** Opening RECORDED INFORMATION block **

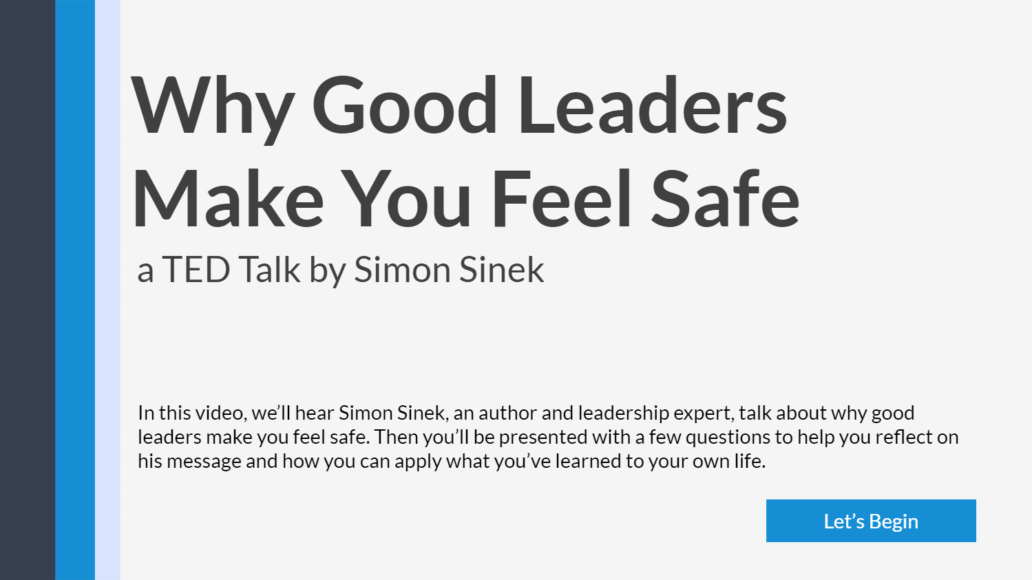 Learning journals are an effective way to provide reflection opportunities within an eLearning course. This sample came from a constraint at work - we wanted to see what kind of leadership development we could provide without the budget to purchase off-the-shelf courses. After watching a 12 minute video, you will be prompted with questions that allow you to reflect on the content and identify ways to apply it in your life. Your responses can be printed at the end, which could be handed off to a manager or mentor to help hold you accountable for what you intend to apply.
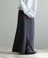 気になる部分はカバーしながらも華奢見えと足長効果のあるスカートです。ふんわりと膨らみにあるダンボール生地が暖かいのに軽く、快適な着心地です。ストレッチ性も高いくシワにならないので旅行にもおすすめです。あえて着丈を長く設定し、かっこいいバランスにしていますが、ウエストを折り返して丈を調整しても柔らかい生地なのでもたつきません。
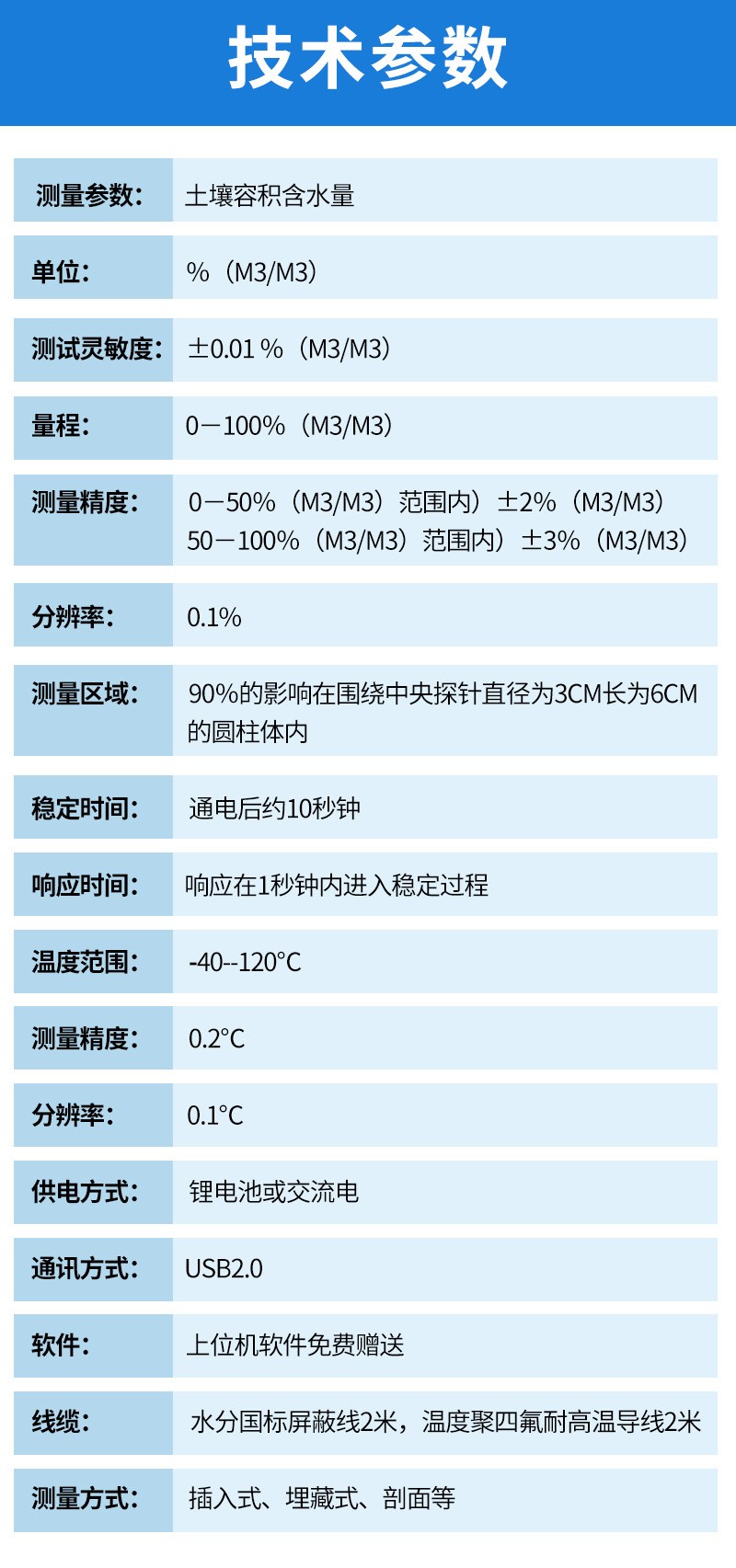 | 測量參數:土壤容積含水量; | 單位:%(m3/m3); | 測試靈敏度:±0.01 %(m3/m3); | 量程:0-100%(m3/m3); | 測量精度:0-50%(m3/m3)范圍內)±2%(m3/m3);50-100%(m3/m3)范圍內)±3%(m3/m3); | 分辨率:0.1% | 測量區域:90%的影響在圍繞中央探針直徑為3cm長為6cm的圓柱體內; | 穩定時間:通電后約10秒鐘; | 響應時間:響應在1秒鐘內進入穩定過程; | 供電方式:鋰電池或交流電 | 通訊方式:USB2.0 | 軟件: 上位機軟件免費贈送 | 線纜: 水分國標屏蔽線2米,溫度聚四氟耐高溫導線2米。 | 測量方式:插入式、埋藏式、剖面等 |
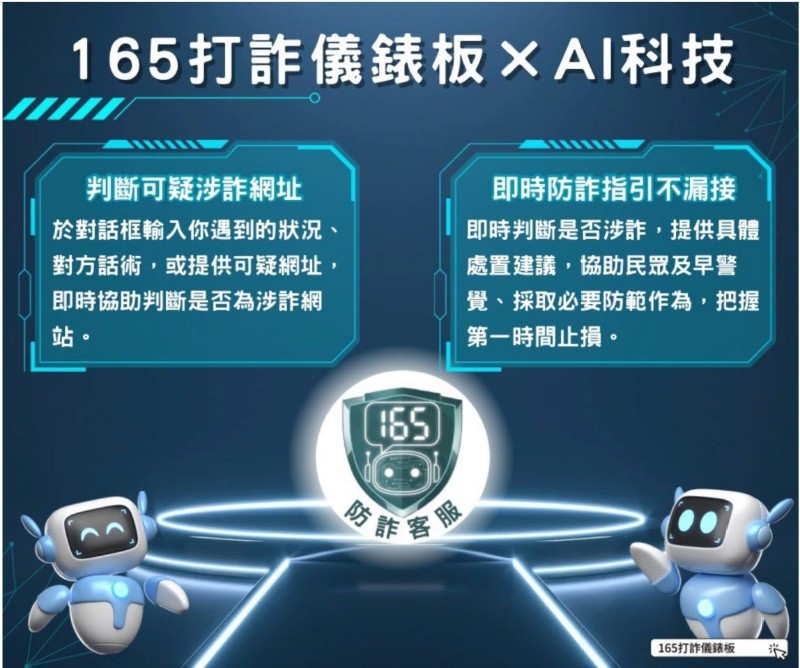 為強化社會大眾防詐知能及宣導檢察官於國民法官制度中協助被害人等職權,市府積極進行宣導。 因應詐騙手法快速演變,內政部警政署於「165打詐儀錶板」導入AI智能客服小幫手,整合防詐資料庫提供即時互動諮詢,可依民眾描述情境辨識詐騙風險並提供具體處置建議;另具備涉詐網址即時查詢功能,可判斷網站是否具詐騙風險。
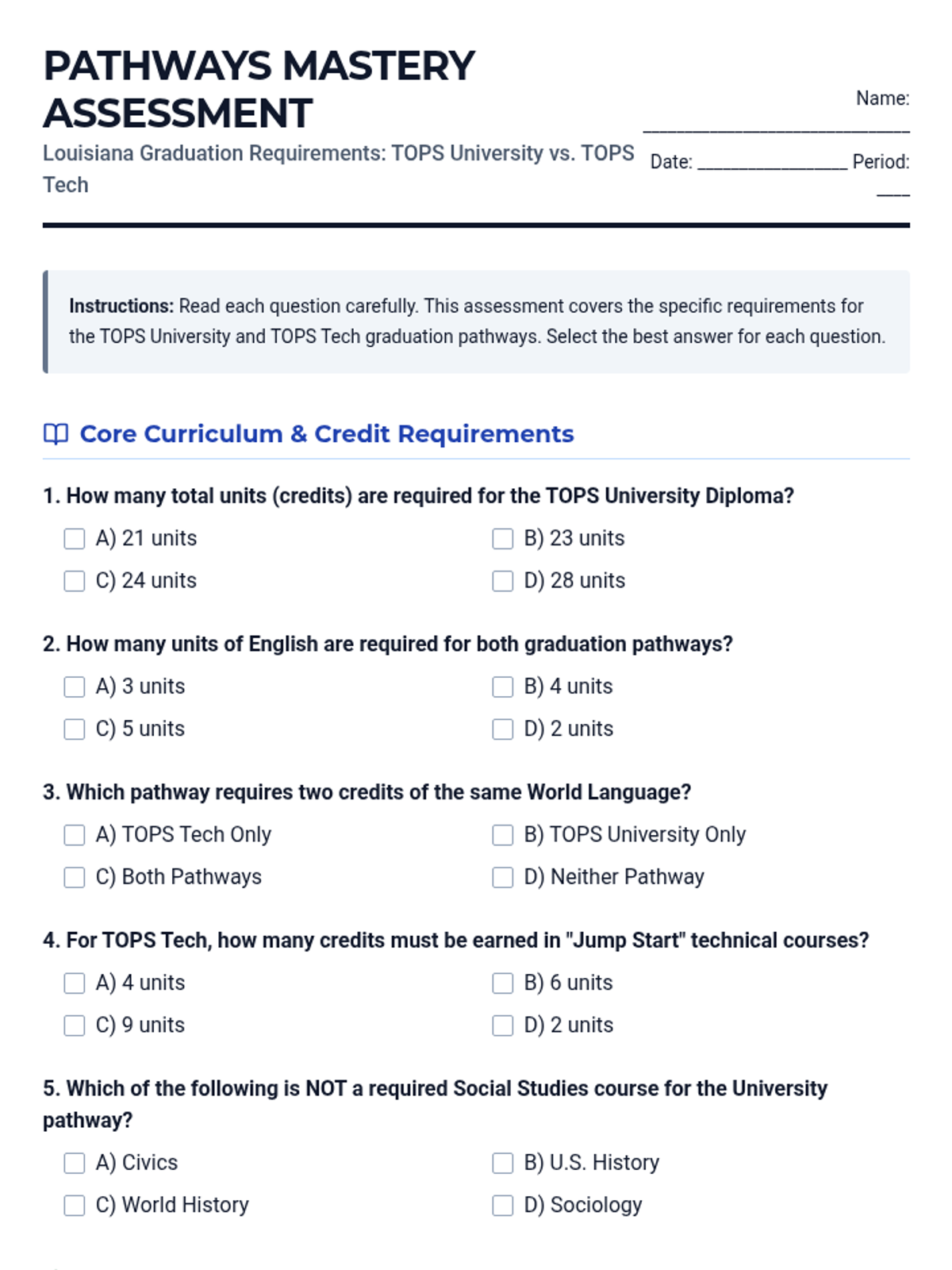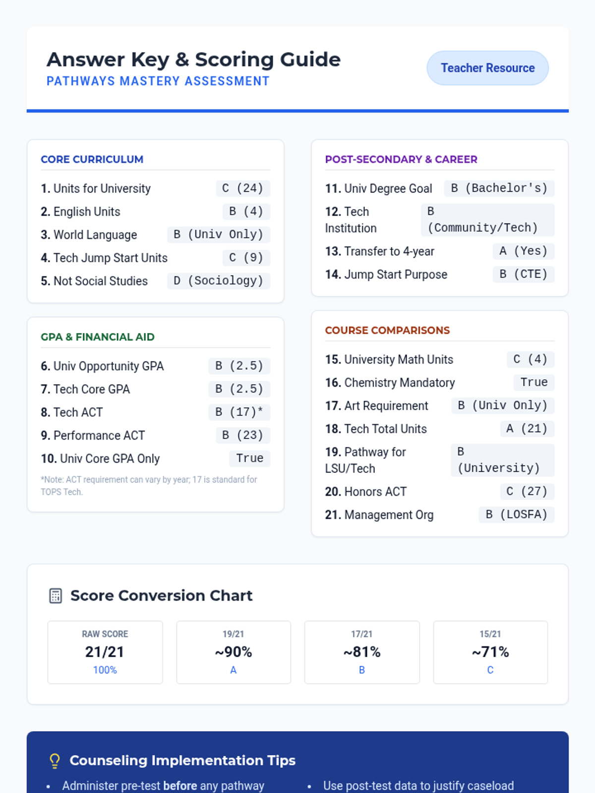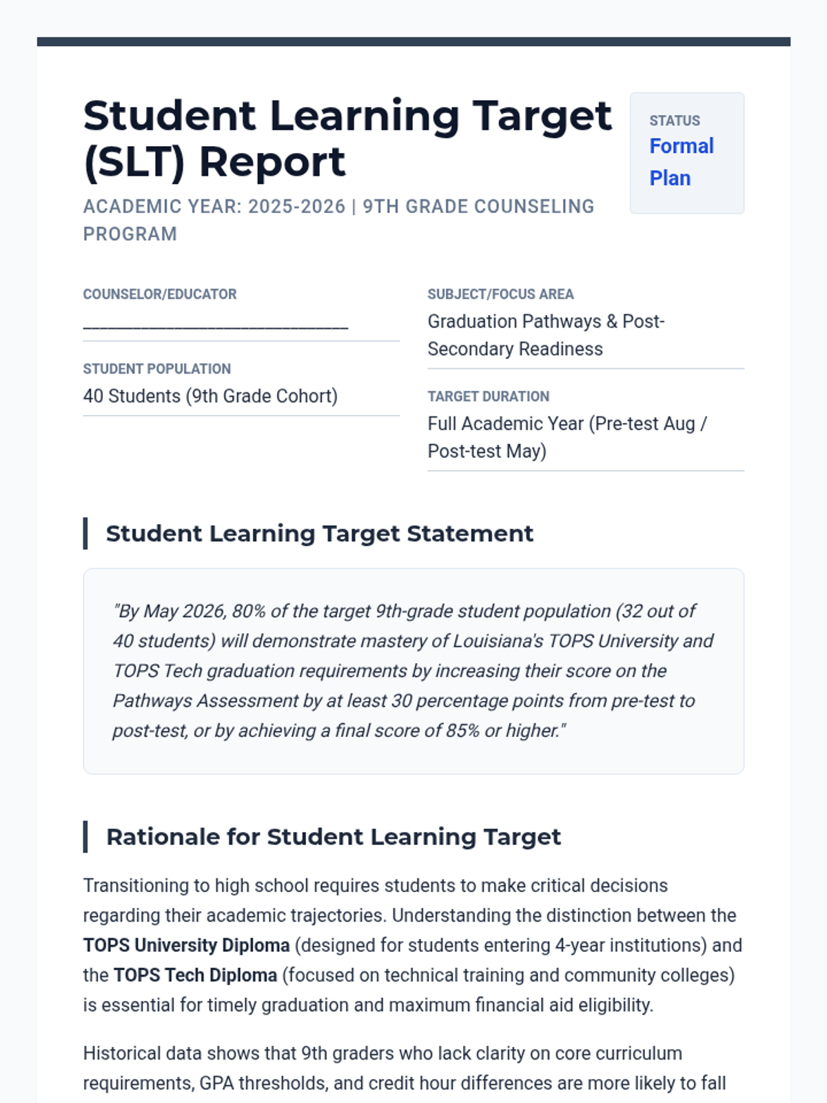 A comprehensive Student Learning Target (SLT) package for 9th-grade counselors focusing on Louisiana's TOPS University and TOPS Tech graduation pathways, including assessment tools and professional documentation.

** Closing RECORDED INFORMATION block **

EXERCISE DIRECTIONS ->
Transcribe every line from the one with "気になる部分はカバーしながら" to the last line of the records above, exactly, excluding pictures.

TASK RESULT ->
 気になる部分はカバーしながらも華奢見えと足長効果のあるスカートです。ふんわりと膨らみにあるダンボール生地が暖かいのに軽く、快適な着心地です。ストレッチ性も高いくシワにならないので旅行にもおすすめです。あえて着丈を長く設定し、かっこいいバランスにしていますが、ウエストを折り返して丈を調整しても柔らかい生地なのでもたつきません。
 | 測量參數:土壤容積含水量; | 單位:%(m3/m3); | 測試靈敏度:±0.01 %(m3/m3); | 量程:0-100%(m3/m3); | 測量精度:0-50%(m3/m3)范圍內)±2%(m3/m3);50-100%(m3/m3)范圍內)±3%(m3/m3); | 分辨率:0.1% | 測量區域:90%的影響在圍繞中央探針直徑為3cm長為6cm的圓柱體內; | 穩定時間:通電后約10秒鐘; | 響應時間:響應在1秒鐘內進入穩定過程; | 供電方式:鋰電池或交流電 | 通訊方式:USB2.0 | 軟件: 上位機軟件免費贈送 | 線纜: 水分國標屏蔽線2米,溫度聚四氟耐高溫導線2米。 | 測量方式:插入式、埋藏式、剖面等 |
 為強化社會大眾防詐知能及宣導檢察官於國民法官制度中協助被害人等職權,市府積極進行宣導。 因應詐騙手法快速演變,內政部警政署於「165打詐儀錶板」導入AI智能客服小幫手,整合防詐資料庫提供即時互動諮詢,可依民眾描述情境辨識詐騙風險並提供具體處置建議;另具備涉詐網址即時查詢功能,可判斷網站是否具詐騙風險。
 A comprehensive Student Learning Target (SLT) package for 9th-grade counselors focusing on Louisiana's TOPS University and TOPS Tech graduation pathways, including assessment tools and professional documentation.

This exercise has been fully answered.